WSJ: Congress To Break For Summer Without Acting On Gun Control

Congress will leave the Capitol at the end of this week for a two-month break without passing legislation to tighten access to guns, setting up a volatile summer recess in which the issue is expected to play prominently in the campaigns.

House Speaker Paul Ryan (R., Wis.) told Republicans at a closed-door GOP conference meeting on Tuesday that a package that includes a gun-control measure wouldn’t get a vote this week, lawmakers at the meeting said, in a reversal from previous plans. He indicated that holding a vote risked inflaming tensions further at time when the country is already on edge after shootings in Dallas and Orlando in recent weeks, they said. The Senate had earlier considered several bills, but none passed.

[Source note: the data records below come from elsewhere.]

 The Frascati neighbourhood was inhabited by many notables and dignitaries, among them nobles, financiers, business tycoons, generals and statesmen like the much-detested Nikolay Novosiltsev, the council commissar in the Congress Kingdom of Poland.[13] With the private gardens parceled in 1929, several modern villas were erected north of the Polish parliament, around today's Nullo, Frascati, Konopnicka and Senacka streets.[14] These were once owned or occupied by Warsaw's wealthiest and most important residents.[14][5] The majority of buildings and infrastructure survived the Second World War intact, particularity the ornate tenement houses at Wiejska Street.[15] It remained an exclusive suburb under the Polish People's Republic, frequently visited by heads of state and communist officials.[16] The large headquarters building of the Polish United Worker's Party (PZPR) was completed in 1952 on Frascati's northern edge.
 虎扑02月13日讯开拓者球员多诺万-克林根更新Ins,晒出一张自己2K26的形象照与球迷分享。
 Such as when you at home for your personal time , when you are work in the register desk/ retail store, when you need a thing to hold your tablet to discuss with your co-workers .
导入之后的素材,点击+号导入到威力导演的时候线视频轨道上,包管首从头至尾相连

“The thought was it would be—not intentionally—but perhaps inflammatory really at a pretty difficult time for the country,” said Rep. Tom Cole (R., Okla.) “We want to talk about solutions without trying to make things worse, and this was probably kind of a step backwards.”

Gun policy in the wake of recent shootings has become a political topic in a way that hasn’t been seen in years, stirring up strong feelings on both sides of the aisle and within each party.

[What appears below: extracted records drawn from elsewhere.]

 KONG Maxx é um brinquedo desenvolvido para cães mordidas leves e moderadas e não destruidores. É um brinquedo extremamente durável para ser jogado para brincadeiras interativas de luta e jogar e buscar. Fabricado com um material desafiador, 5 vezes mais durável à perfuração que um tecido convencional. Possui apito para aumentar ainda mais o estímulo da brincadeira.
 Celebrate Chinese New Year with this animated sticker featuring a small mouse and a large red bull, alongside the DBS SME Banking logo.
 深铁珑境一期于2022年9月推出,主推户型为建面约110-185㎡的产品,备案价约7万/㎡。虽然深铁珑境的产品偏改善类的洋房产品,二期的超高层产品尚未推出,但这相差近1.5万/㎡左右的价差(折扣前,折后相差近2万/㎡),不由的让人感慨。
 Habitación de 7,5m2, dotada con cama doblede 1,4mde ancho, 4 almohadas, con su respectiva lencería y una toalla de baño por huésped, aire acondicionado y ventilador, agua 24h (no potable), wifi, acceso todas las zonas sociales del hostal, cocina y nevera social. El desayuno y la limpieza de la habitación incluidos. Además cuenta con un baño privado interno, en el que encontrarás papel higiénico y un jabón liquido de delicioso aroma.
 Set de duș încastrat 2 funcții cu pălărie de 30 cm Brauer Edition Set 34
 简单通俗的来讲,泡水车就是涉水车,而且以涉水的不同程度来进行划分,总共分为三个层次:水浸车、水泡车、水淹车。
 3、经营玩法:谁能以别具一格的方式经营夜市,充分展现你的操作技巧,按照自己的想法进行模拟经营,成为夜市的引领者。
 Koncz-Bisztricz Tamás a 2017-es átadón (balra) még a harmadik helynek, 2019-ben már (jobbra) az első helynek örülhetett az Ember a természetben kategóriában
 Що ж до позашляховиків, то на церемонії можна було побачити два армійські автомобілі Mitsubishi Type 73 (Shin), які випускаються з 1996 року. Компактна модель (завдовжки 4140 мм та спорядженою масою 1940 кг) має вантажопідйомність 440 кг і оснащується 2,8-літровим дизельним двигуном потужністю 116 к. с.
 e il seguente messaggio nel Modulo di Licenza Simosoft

Republicans, in an unusual alliance with the American Civil Liberties Union, worry that any efforts to block the sale of guns to people on government watch lists risks denying Americans their due-process rights because of errors in government record keeping. Democrats say that Congress can’t sit idle while gun deaths mount and promise a summer filled with vigils and protests to pressure House Republicans to schedule a vote.